1. Know your market’s language
At this point, you might already have a list of keywords that you want to optimize for. These keywords could be general terms commonly used to describe your product or your category. You might be thinking that the more general the terms are, the more ground you’ll cover and the more traffic you’ll get.

It could be true that you’re getting high traffic because of generic keywords. However, have you checked how many of these translate to sales? Do they even belong to your target market?

The better you know your market’s language, the better keywords you’ll come up with. Generic keywords attract a generic audience. On the other hand, niche keywords attract your niche market. These people are the ones who will contribute to your bottom line, if you do everything else right.
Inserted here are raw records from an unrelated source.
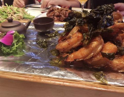- 内部装修很有特色,吃饭像是在穿越历史!菜品本身也可圈可点,大虾很好吃味道不同其他做法
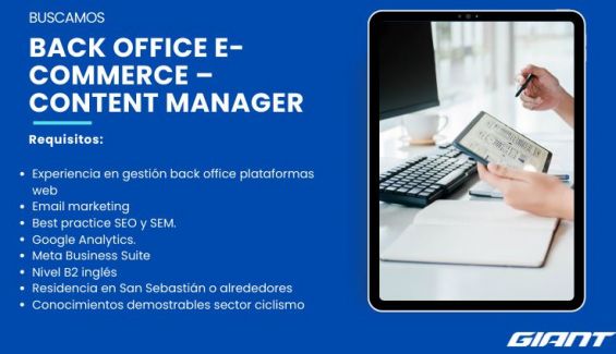 Desde el grupo Giant Ibérica nos hacen llegar esta oferta de trabajo. Una plaza de BACK OFFICE E-COMMERCE –CONTENT MANAGER para su departamento de marketing en sus oficinas de San Sebastián. Un puesto de trabajo en el que el personal debe administrar los contenidos web y proporcionar soporte al equipo Comercial y Marketing.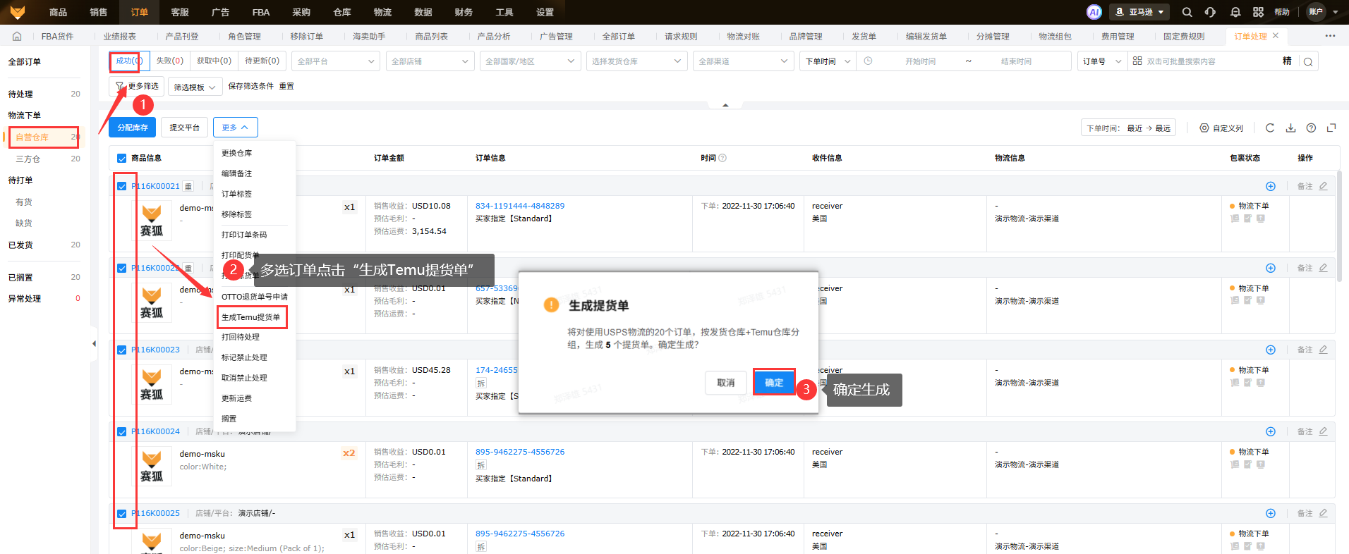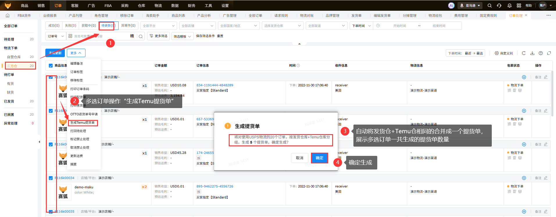 在【订单】-【订单处理】页面的【物流下单】-【三方仓】-【待更新】状态和【物流下单】-【自营仓】-【成功】状态下,支持点击“更多”中的“生成Temu提货单”对Temu平台且平台物流承运商是USPS且订单状态不是已取消的包裹生成提货单,系统会按发货仓+Temu仓库分组,相同发货仓+Temu仓的订单合并生成一个提货单,生成提货单后继续完成订单发货。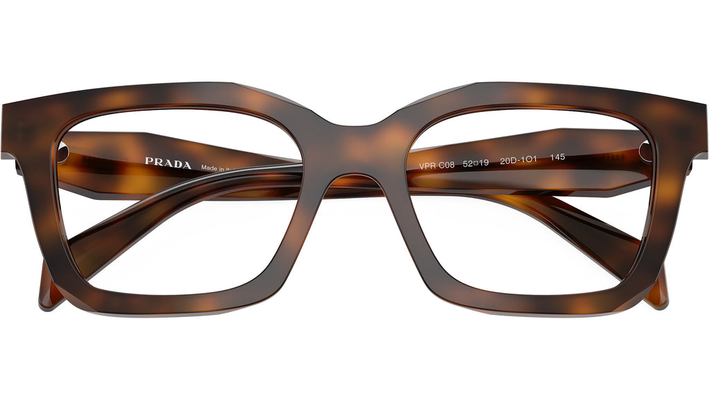 Occhiali da vista Prada PR C08V 20D1O1 donna con montatura geometrica in acetato tartaruga ginepro e lenti demo. Vestibilità a ponte alto. Linea: Design. Codice modello: PRC08V. Codice colore: 20D1O1. Made in Italy. Rivenditore autorizzato Prada online. Gli occhiali vengono consegnati con custodia e accessori originali e sono coperti dalla garanzia ufficiale di 12 mesi del produttore.
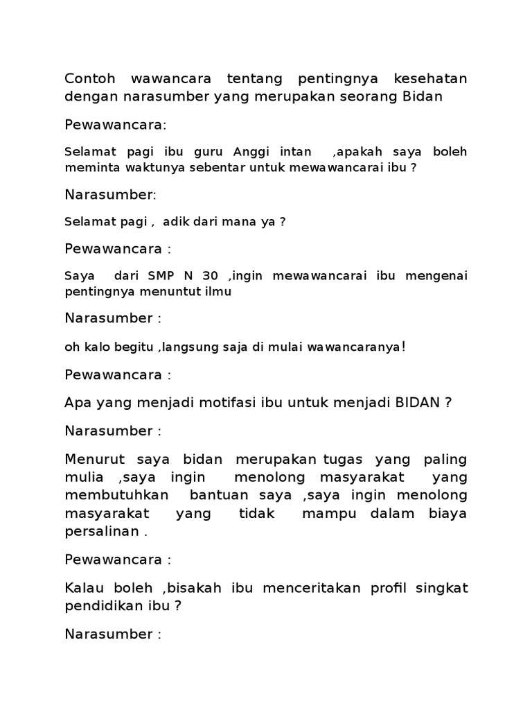 Tujuan dilakukan wawancara adalah untuk memperoleh informasi akurat dari narasumber yang terpercaya. Contoh teks wawancara tentang pendidikan terbaru teks wawancara adalah teks yang menyajikan sebuah percakapan antara pewawancara dengan narasumber. Dalam membuat teks wawancara ada beberapa hal yang harus diperhatikan. Dalam hal ini pewawancara bertugas untuk menggali informasi sedalam dalamnya berkaitan dengan tema yang diusung dalam kegiatan ini. Untuk pembahasan kali ini kami akan memberikan ulasan mengenai contoh karangan narasi yang dimana dalam hal ini meliputi contoh tentang pendidikan liburan lingkungan guru sekolah dan pengalaman pribadi nah agar lebih dapat memahami dan mengerti simak ulasan selengkapnya dibawah ini. Entah itu narasumber.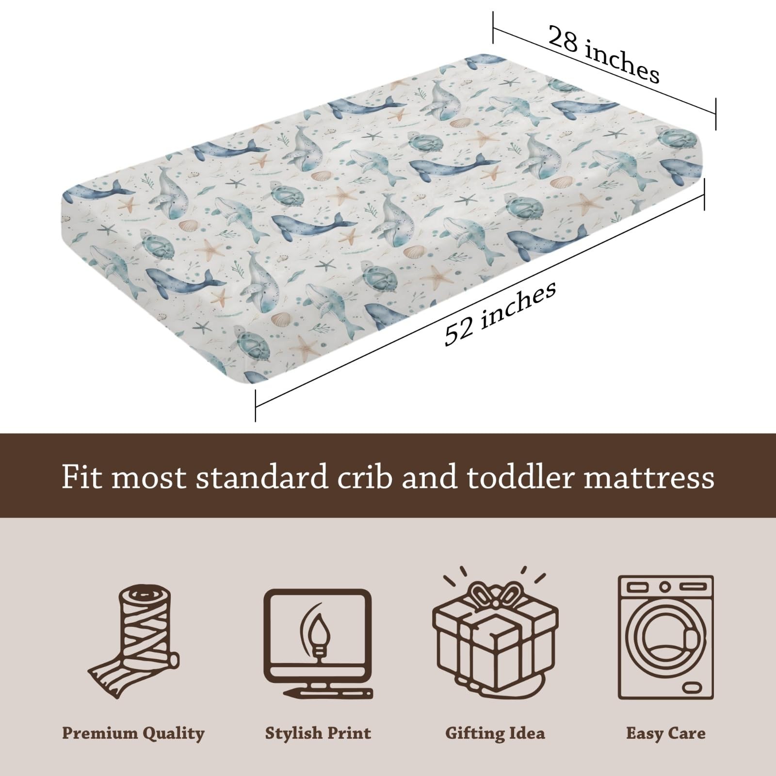 Ocean Whale Sea Turtle Starfish Pattern Baby Crib Sheets, Unisex Sea Animals ...

Find out how your niche talks about your product and others that belong to your category. Visit related blogs, forums, and social bookmarking websites. Participate as much as you can to get more detailed information on how people use and react to certain words.

2. Optimize for words and phrases
After coming up with the list of niche keywords, you can begin to optimize your online content. You can combine the keywords in your list to form niche keyword phrases that more advanced searches use.

For example, an individual interested in owning a dog will initially search for dog for sale. The more information he finds online, the more specific his searches will become. Eventually, his search bar input could become pedigree Yorkshire Terriers with papers. Hence, you need to optimize for both words and phrases.

Although you won’t be able to read people’s minds, being prepared will require very little adjustments in the long run, as opposed to a keyword overhaul every time the market shifts.

3. Strategically place your keywords
Having a niche keyword list also helps you naturally integrate the keywords into your content. It is important that in every article you post, you maintain a conversational tone. Your market does not want to read page after page of sales pitches. They want something informative and relevant. If you can make it naturally entertaining, even better.

It is integral that your keywords appear on your title or headline, the first and the last sentences of your content. Within the body, it would help search engine spiders if you put keywords in bold or italics.

4. Check your keyword density
Keyword density measures the frequency of your keywords relative to the number of non-keywords in your content. The acceptable percentage is 3% to 8% and anything beyond that will be considered spamming by most search engines.

There are free tools online that you can use to compute for your content’s keyword density before publication.

5. Update your keywords
No matter how specific your market is, changes will still occur. The only way for your content to be consistently relevant is if you stay on top of the changes that happen to your niche market.

Regularly come up with a qualitative market research that can give you valuable consumer insight. Keep in mind tip number 1, so that your keywords will always be specific to your niche.